Beyond the Scientific Way

Fahmi Amhar Official Blog

Archive for the ‘Spiritual’ Category

Financial-Spiritual-Revolution

Saturday, September 1st, 2012

Prof. Dr. Fahmi Amhar

Kecerdasan finansial adalah kecerdasan unik.  Dia bukan termasuk kecerdasan elementer yang menurut pakar multiple-intelligence Howard Gardner terdiri dari kecerdasan logika-matematika, linguistik (bahasa), spasial (keruangan), musikal, kinestetik (gerak), interpersonal, intrapersonal, naturalis dan eksistensial.

Kecerdasan finansial sedikit banyak merupakan “senyawa” dari beberapa kecerdasan elementer.  Tentu kita sepakat bahwa ada logika-matematika di sana.  Seorang yang cerdas finansial tentu harus cepat berhitung bahwa meski cuma jualan cendol, kalau rata-rata punya dua gerai di setiap kabupaten/kota se Indonesia, maka omzetnya bisa satu milyar sehari.  Dia juga harus cepat menguasai “bahasa-bahasa gaul” di dunia bisnis.  Dia harus cepat tahu lokasi-lokasi strategis untuk mengembangkan pasar.  Bahkan pengenalan atas selera musik juga bisa menguntungkan, karena banyak warung yang menjadi berkelas hanya karena iringan musik, baik dari tape recorder maupun live dari musisi jalanan.  Dia harus cepat tanggap atas berbagai persoalan stakeholder, terutama SDM-nya.  Dia juga harus punya kemampuan introspeksi yang cepat, selain tahan banting walau ancaman terus menghadang.  Dia harus cepat menyesuaikan diri dengan perubahan kondisi alam, misal kalau sekiranya beberapa hari ke depan hujan turun lebih sering, lebih baik dia switch dari jualan es-cendol menjadi bubur cendol (hangat).  Dan tentu saja dia harus cerdas menyandarkan eksistensinya di dunia ini kepada Sumber Segala Eksistensi, juga Sumber Segala Rizki, yaitu Allah swt.  Kecerdasan yang terakhir ini sering juga disebut kecerdasan spiritual (SQ).

Sayangnya, meski setiap orang cepat atau lambat akan berurusan dengan dunia finansial, kecerdasan finansial nyaris tidak pernah diajarkan di sekolah.  Bahkan hanya sedikit pengusaha yang mengasah kecerdasan finansialnya.  Padahal, kecerdasan ini seharusnya melekat baik pada anak sekolah, buruh, karyawan, PNS, ibu rumah tangga, pengusaha, hingga para birokrat yang menjalankan negara.

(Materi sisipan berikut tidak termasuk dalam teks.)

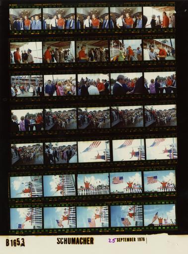 | Keywords: Ford B1653 NLGRF photo contact sheet (1976-09-25)(Gerald Ford Library).jpg White House Photographic Office WHPO is housed at the Gerald R Ford Presidential Library a branch of the National Archives and Records Administration NARA <br/><br/> This file is a 200 dpi photo contact sheet having images from roll of film B1653 of the August 9 1974 - January 20 1977 Gerald R Ford White House Photographic Office Series A0001-A9999 and B0001-B2886 photographs <br/><br/> The date on the photo contact sheet is the date the roll of film was processed not necessarily the date the photographs were taken See table below for additional details 1976-09-25 Gerald R Ford Presidential Library Image http //www fordlibrarymuseum gov/library/whphotos/B1653_NLGRF jpg B1653_NLGRF jpg from http //www fordlibrarymuseum gov/library/whphotos/19760925whpo pdf White House Photographs September 25 1976 of the http //www fordlibrarymuseum gov/Library/whphotos/whpo asp White House Photographic Collection page White House Photographic Office WHPO - Schumacher PD-USGov Institution Institution Gerald R Ford Presidential Library Table wikitable sortable + Photo contact sheet B1653 U S President Ford Administration Gerald R Ford Library Frame s Tone Subject proper Subject generic Names Geographic Location Photographer Date - 3-6 Color Campaign Trip to Louisiana - Cruise Aboard SS Natchez Paddleboat - Meeting Southern Leaders standing talking; GRF in red golf shirt; all not in frames GRF Southern Leaders from Georgia Mississippi River; LA SS Natchez Schumacher 1976-09-25 - 7-11 Color Campaign Trip to Louisiana - Cruise Aboard SS Natchez Paddleboat standing talking on deck; GRF in red golf shirt; various angles and distances; all not in every frame GRF Others Mississippi River; LA SS Natchez Schumacher 1976-09-25 - 12 Color Campaign Trip to Louisiana - Cruise Aboard SS Natchez Paddleboat talking; GRF with hand on man's shoulder; wearing red golf shirt GRF Unidentified Man Destrehan LA Destrehan Ferry Landing Schumacher 1976-09-25 - 13 Color Campaign Trip to Louisiana - Cruise Aboard SS Natchez Paddleboat GRF and BF walking down gangplank waving; GRF in red golf shirt; women wearing 19th Century gowns; all not in frame GRF Betty Ford Unidentified women Crowd Destrehan LA Destrehan Ferry Landing Schumacher 1976-09-25 - 14-24 Color Campaign Trip to Louisiana - Cruise Aboard SS Natchez Paddleboat greeting handshaking; leaning over railing to shake hands in some frames; GRF in red golf shirt; various angles and distances; all not in every frame GRF Betty Ford Crowd Destrehan LA Destrehan Ferry Landing Schumacher 1976-09-25 - 25-37 Color Campaign Trip to Louisiana - Cruise Aboard SS Natchez Paddleboat standing waving under billowing flag; GRF wearking red golf shirt; taken from lower level; BF not in every frame GRF Betty Ford Mississippi River SS Natchez Schumacher 1976-09-25 Gerald R Ford Presidential Library and Museum-cooperation PD-USGov Contact sheets by the Ford White House September 1976 |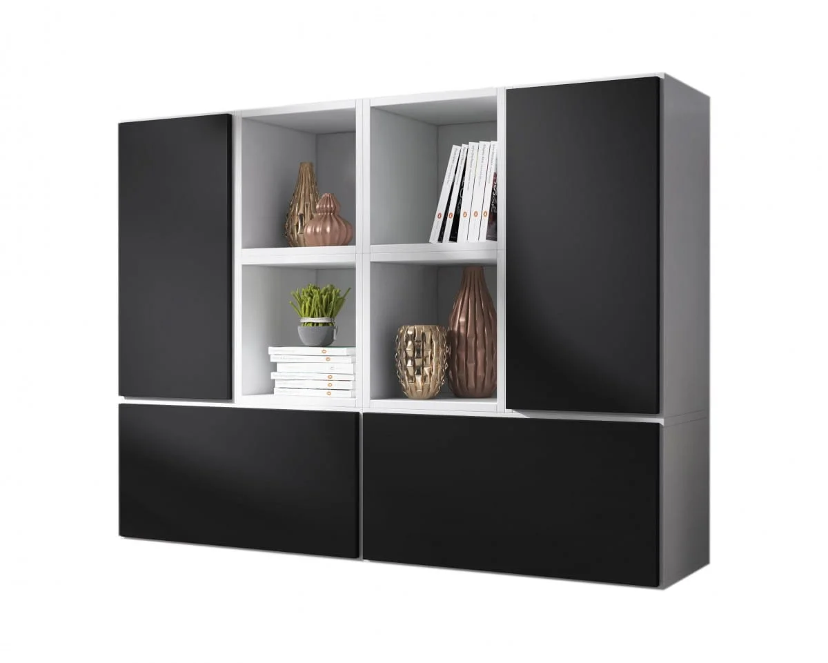 Dodatkowe informacje: Zdjęcia przedstawiają przykładową aranżację zestawu., Szafka stojąca lub podwieszana, Istnieje możliwość dokupienia oświetlenia szafkowego LED., Zdjęcia wnętrza szafki przedstawiają wersję kolorystyczną antracyt/dąb wotan i są jedynie poglądowe., Płyta wiórowa laminowana wyróżnia się odpornością na naprężenia mechaniczne i ekstremalne temperatury, Szafka RO-3: 37,5/75/39 cm: jedna klapa otwierana do dołu lub do boku (lewo/prawo), możliwość powieszenia/postawienia szafki w poziomie lub w pionie, jedna przestrzeń w środku - brak półki wewnątrz, Meble do samodzielnego montażu, Akcesoria tzw. ślizgacze w zestawie, Bezuchwytowe fronty, Szafka RO-6: 37,5/37,5/39 cm, jedna przestrzeń - brak półki, Podane wymiary całkowite zestawu, Jeśli front ma się otwierać ku górze, należy we własnym zakresie zakupić podnośniki gazowe (2 sztuki do jednej prostokątnej szafki)

Kecerdasan finansial (Financial Quotient, FQ) sebenarnya dapat diukur dengan sederhana.  Bayi yang baru lahir akan memiliki FQ=0.  Ketika seseorang mulai bekerja sehingga mendapatkan penghasilan sendiri yang mencukupi kebutuhannya, maka FQ=1 atau disebut telah meraih kemandirian finansial.   Kalau punya penghasilannya tapi belum mencukupi, maka FQ terletak di antara 0 dan 1.  Jika gajinya sudah melebihi kebutuhannya, FQ nya tetap = 1, karena bila dia mengalami sakit sehingga tidak bisa bekerja, atau bahkan di-PHK, dia masih akan terguncang.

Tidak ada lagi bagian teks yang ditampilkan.